Life’s Arc on One Bench

On what should have been a very short subway ride yesterday morning from the Lower East Side of Manhattan to the Dumbo area of Brooklyn with my friend and cohort member K., we stood in front of a seated elderly woman, who was looking down at her lap. She was tiny, the bones in her face delicate, her skin thin and wrinkled, her shoe tips barely touching the floor beneath her seat. Her haircut’s gray bangs and bob peaked out from under her warm knit hat, and she balanced a stack of blank, white, 8-1/2” x 11” papers on her knees, on the top one of which she was writing in a tight, small script with an old-school, gold-trimmed, refillable ballpoint pen. I have a lot of practice reading script—as a former middle- and high-school English teacher that included the era that pre-dated students carrying laptops everywhere and submitting their typed work online—and I also practiced reading script upside down when I was myself a middle- and high-school student. All that is to confess with some context that I glanced down at her writing long enough—and, I hope, surreptitiously enough—to determine that she was writing either a finely detailed short story or a vignette from her own life, a past moment captured in the present, during a train car full of morning commuters. K. and I are in a research cluster together where we examine the issues of feminine aging—ways in which time, memory, and the body intersect and separate, as well as our lived experiences with these processes—and we agreed that the universe had offered us a glimpse, a resonant portrait of this woman, only made possible because we had overshot our intended stop and needed to switch underground directions.

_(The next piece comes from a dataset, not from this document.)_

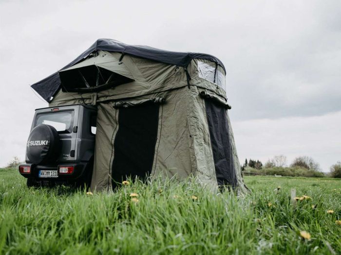 El avance Arcta Viator 140 pro puede fijarse fácilmente a la tienda de techo Viator 140 pro mediante una cremallera. Este avance puede fijarse a la tienda de techo a una altura de 190 cm. De este modo se crea en un abrir y cerrar de ojos, un vestíbulo totalmente protegido y espacio adicional para guardar el equipaje.
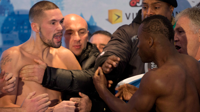 The tension came to a head after the weigh-in — both clocked in at 175 pounds — when they did the traditional face-to-face. Bellew apparently gave Stevenson a tap on the head as some of his fans chanted "pimp, pimp, pimp."

As the train slowed to a stop at our actual destination and K. and I prepared to disembark, we stood briefly in front of a mother and her young toddler daughter at the other end of the same bench on the train. The pre-verbal little girl sat on her diaper-padded seat, legs and feet almost entirely horizontal in front of her, clothed in walk-training shoes, pink sweatpants, a puffy jacket, a hand-crocheted and brightly colored patterned scarf, and a knit hat pulled down over her silky, dark curls to her wide-open, brown eyes. With all the curiosity and trust of a well-loved and -cared for child, she stared into my eyes, held her gaze, and smiled, and her mother giggled as I complimented her daughter’s pants and scarf, all the colors, all the delight. And there it was: One person nearer the end of life’s journey; the other person near the beginning of the journey; the two arranged on opposite ends of the bench to illustrate our contemplations; K. and I mostly feeling somewhere in the middle, but actually (if math and statistics hold) closer to the end and much closer in age to our older sister than to one of our youngest ones.